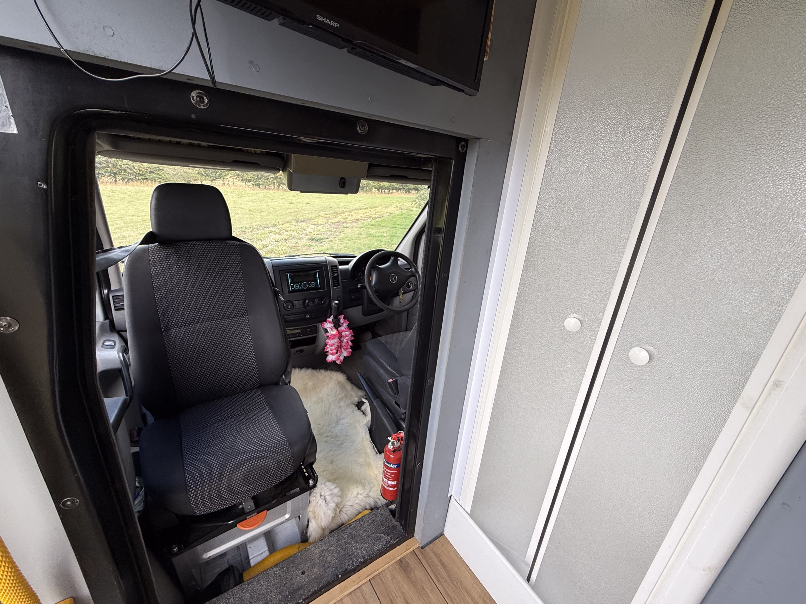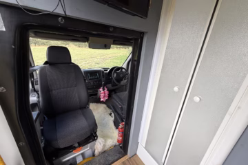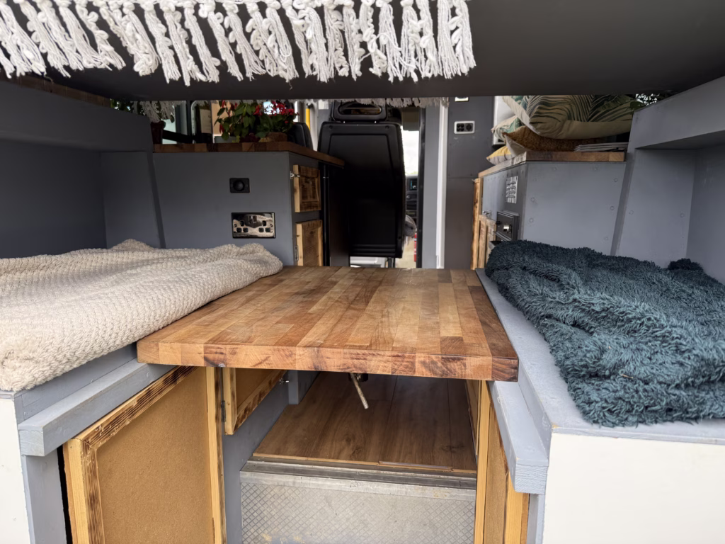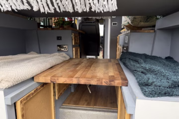 The bed area is raised to allow a comfortable double bed or double bunk for children etc with 4 belted seats, two in the back and the two front seats. With the bed raised 4 people can sit comfortably in the back dining area with a rotating and removal solid wood table, plus the 2 belted middle seats meaning more space for hosting. The passenger seat can be rotated as a captains chair to allow space inside that is very flexible.
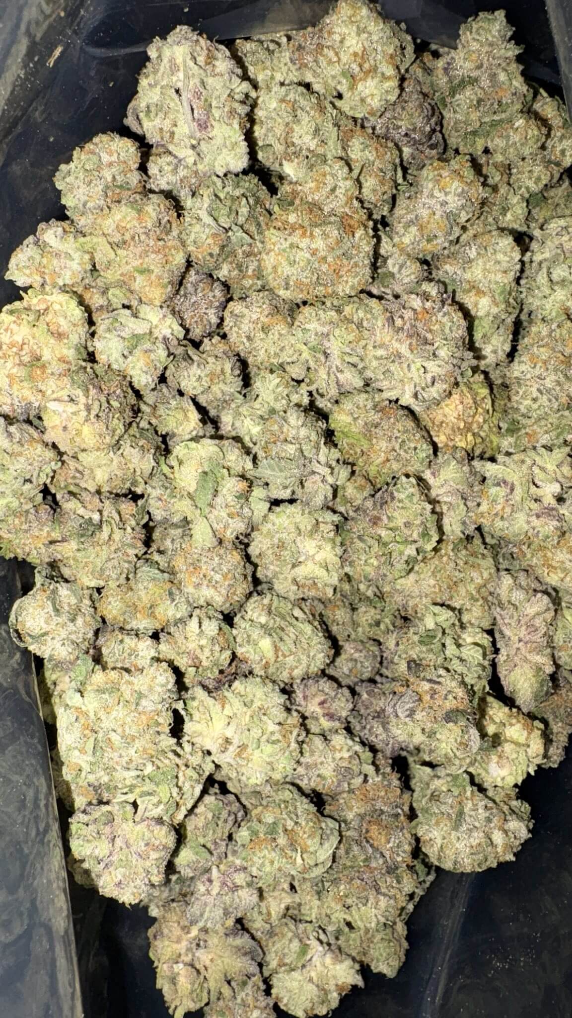 - Color: Dense, olive green buds with vibrant red-orange hairs and a shimmering layer of milky trichomes.
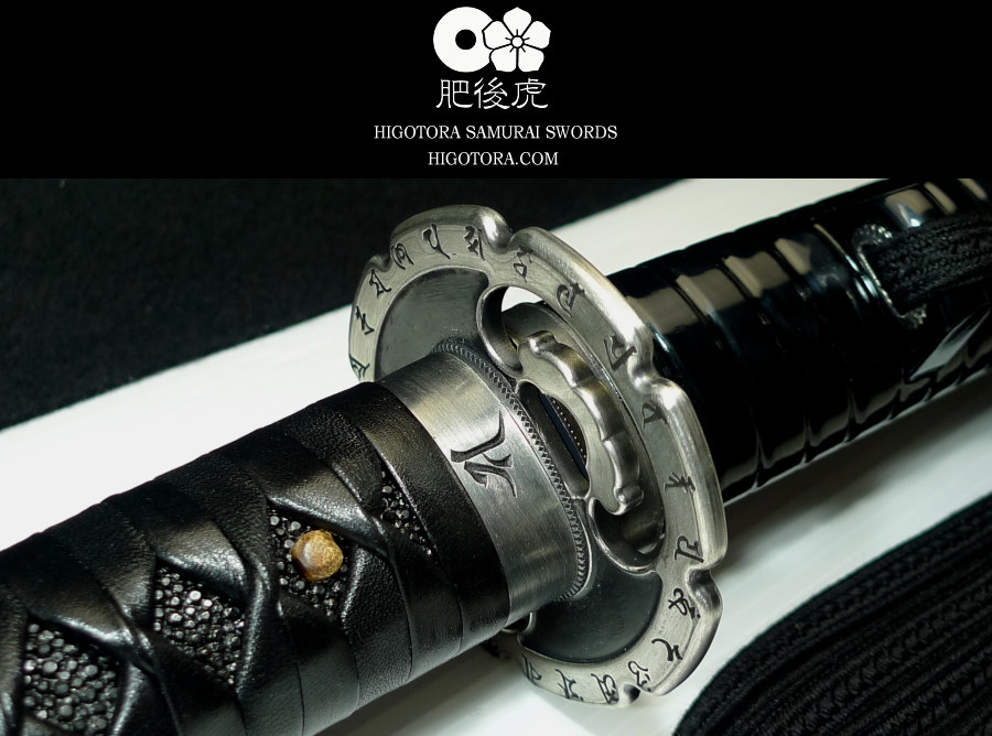 梵字・銀古美・縁頭金具 / 梵字・銀古美・鐺金具 / 独鈷剣・銀・金仕上げ目貫 / 黒染・親粒付・本鮫皮・腹合着

:::

*TASK STATEMENT*: Give the listing again exactly, minus its images.

*WRITTEN REPLY*:
 The bed area is raised to allow a comfortable double bed or double bunk for children etc with 4 belted seats, two in the back and the two front seats. With the bed raised 4 people can sit comfortably in the back dining area with a rotating and removal solid wood table, plus the 2 belted middle seats meaning more space for hosting. The passenger seat can be rotated as a captains chair to allow space inside that is very flexible.
 - Color: Dense, olive green buds with vibrant red-orange hairs and a shimmering layer of milky trichomes.
 梵字・銀古美・縁頭金具 / 梵字・銀古美・鐺金具 / 独鈷剣・銀・金仕上げ目貫 / 黒染・親粒付・本鮫皮・腹合着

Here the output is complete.